**TASK BRIEF**
Repeat nothing but the line containing "Governador Ronaldo Caiado" and the lines that follow it, up to and including the last line of the data below.

◇ ◇ ◇

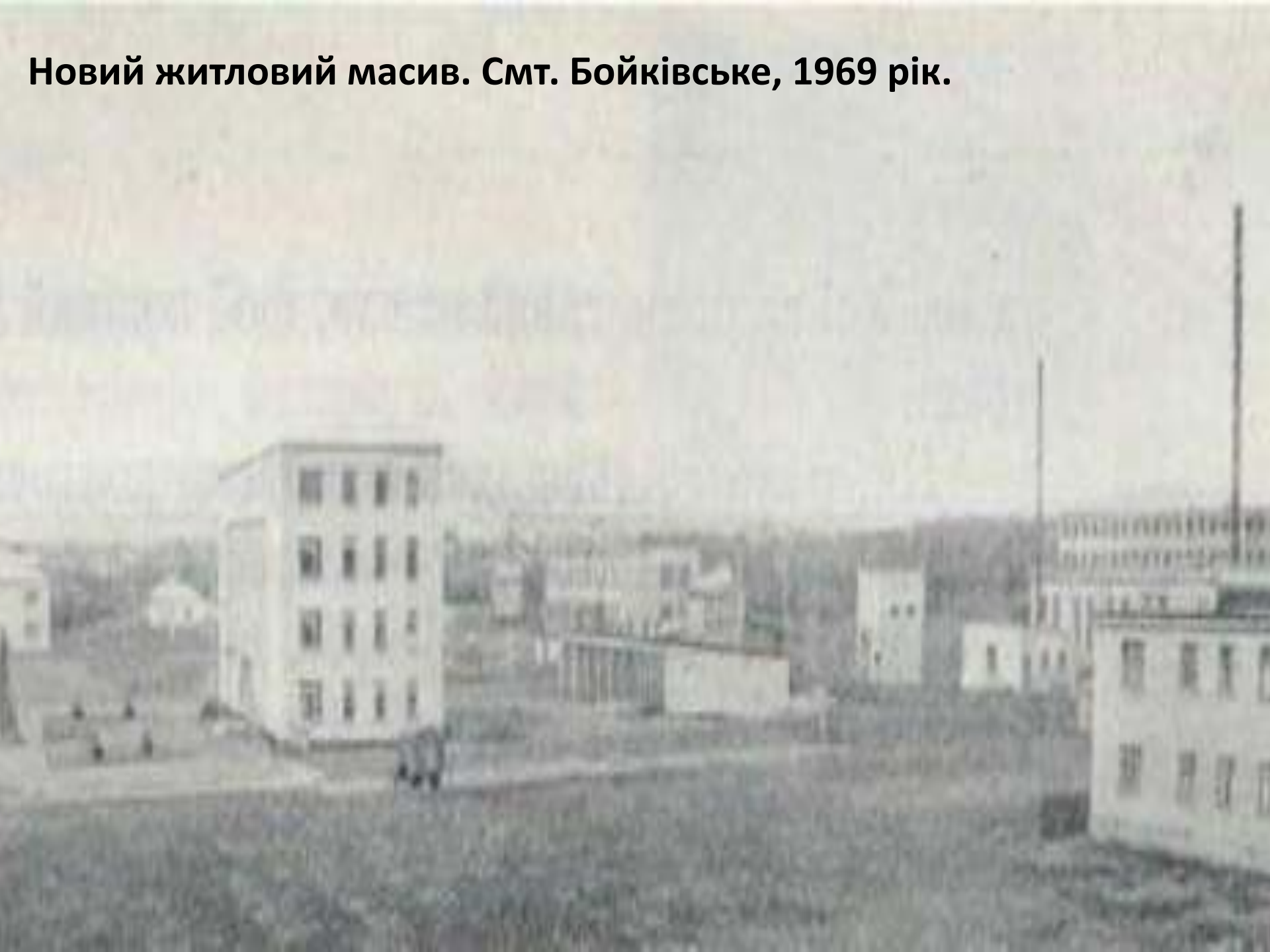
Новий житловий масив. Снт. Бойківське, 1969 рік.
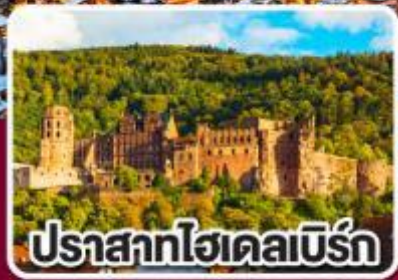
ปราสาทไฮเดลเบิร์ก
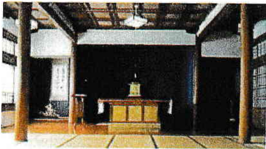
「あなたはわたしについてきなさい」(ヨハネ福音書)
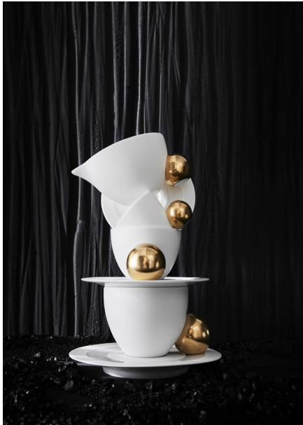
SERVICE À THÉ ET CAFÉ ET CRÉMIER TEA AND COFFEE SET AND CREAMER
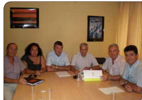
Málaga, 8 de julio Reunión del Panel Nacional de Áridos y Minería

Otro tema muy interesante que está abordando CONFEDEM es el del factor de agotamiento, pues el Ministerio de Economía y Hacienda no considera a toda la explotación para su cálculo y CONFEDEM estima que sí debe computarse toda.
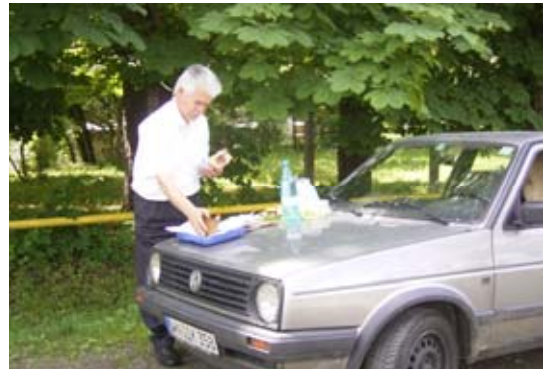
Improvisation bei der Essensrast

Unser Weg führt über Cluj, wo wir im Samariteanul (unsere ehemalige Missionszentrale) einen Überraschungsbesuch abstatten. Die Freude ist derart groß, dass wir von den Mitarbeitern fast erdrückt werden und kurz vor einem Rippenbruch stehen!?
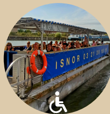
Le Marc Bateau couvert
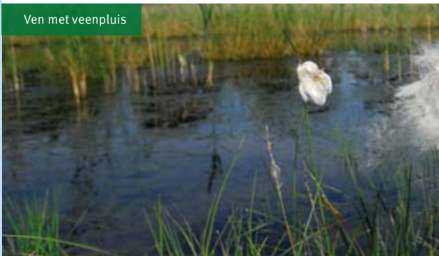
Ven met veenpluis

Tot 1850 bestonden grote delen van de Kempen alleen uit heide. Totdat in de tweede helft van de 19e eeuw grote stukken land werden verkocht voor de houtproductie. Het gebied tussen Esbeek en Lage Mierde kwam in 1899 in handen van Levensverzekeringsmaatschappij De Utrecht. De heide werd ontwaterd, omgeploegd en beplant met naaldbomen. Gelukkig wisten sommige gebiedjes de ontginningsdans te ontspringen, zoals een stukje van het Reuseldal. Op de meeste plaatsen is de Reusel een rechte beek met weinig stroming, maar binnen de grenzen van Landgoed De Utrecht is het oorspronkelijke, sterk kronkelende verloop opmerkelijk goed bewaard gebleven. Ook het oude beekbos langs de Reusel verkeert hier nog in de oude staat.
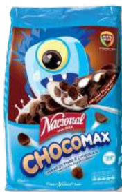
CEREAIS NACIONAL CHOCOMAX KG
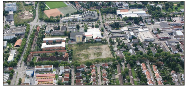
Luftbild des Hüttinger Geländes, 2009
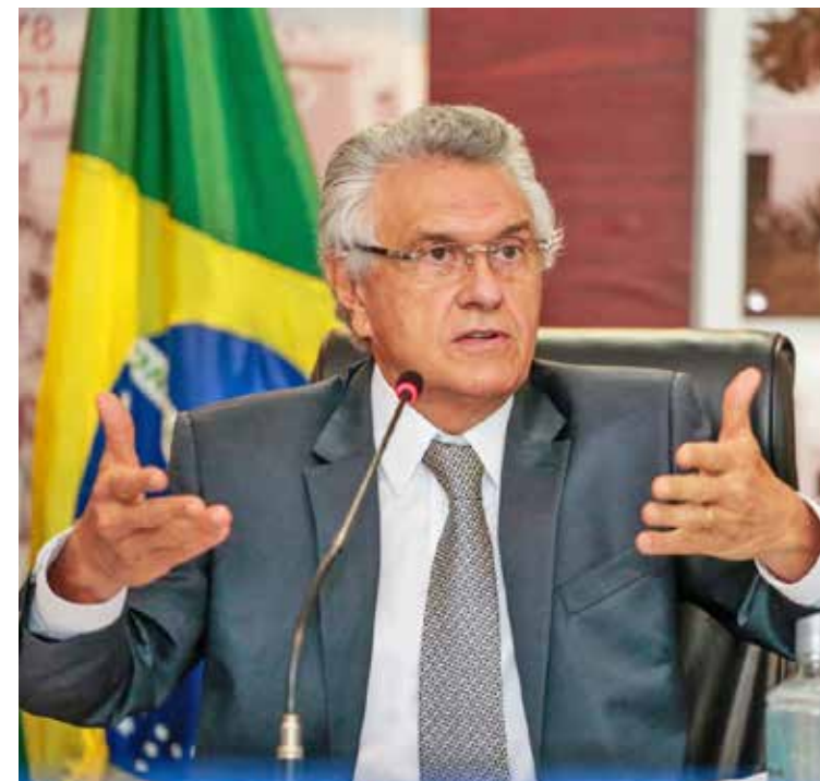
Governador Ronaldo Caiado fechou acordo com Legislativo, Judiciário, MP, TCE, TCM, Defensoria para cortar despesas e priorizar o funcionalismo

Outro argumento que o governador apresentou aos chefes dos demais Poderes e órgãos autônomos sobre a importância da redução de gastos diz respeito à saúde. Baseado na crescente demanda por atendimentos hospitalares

◇ ◇ ◇

**SOLUTION FOR THIS TASK**
Governador Ronaldo Caiado fechou acordo com Legislativo, Judiciário, MP, TCE, TCM, Defensoria para cortar despesas e priorizar o funcionalismo

Outro argumento que o governador apresentou aos chefes dos demais Poderes e órgãos autônomos sobre a importância da redução de gastos diz respeito à saúde. Baseado na crescente demanda por atendimentos hospitalares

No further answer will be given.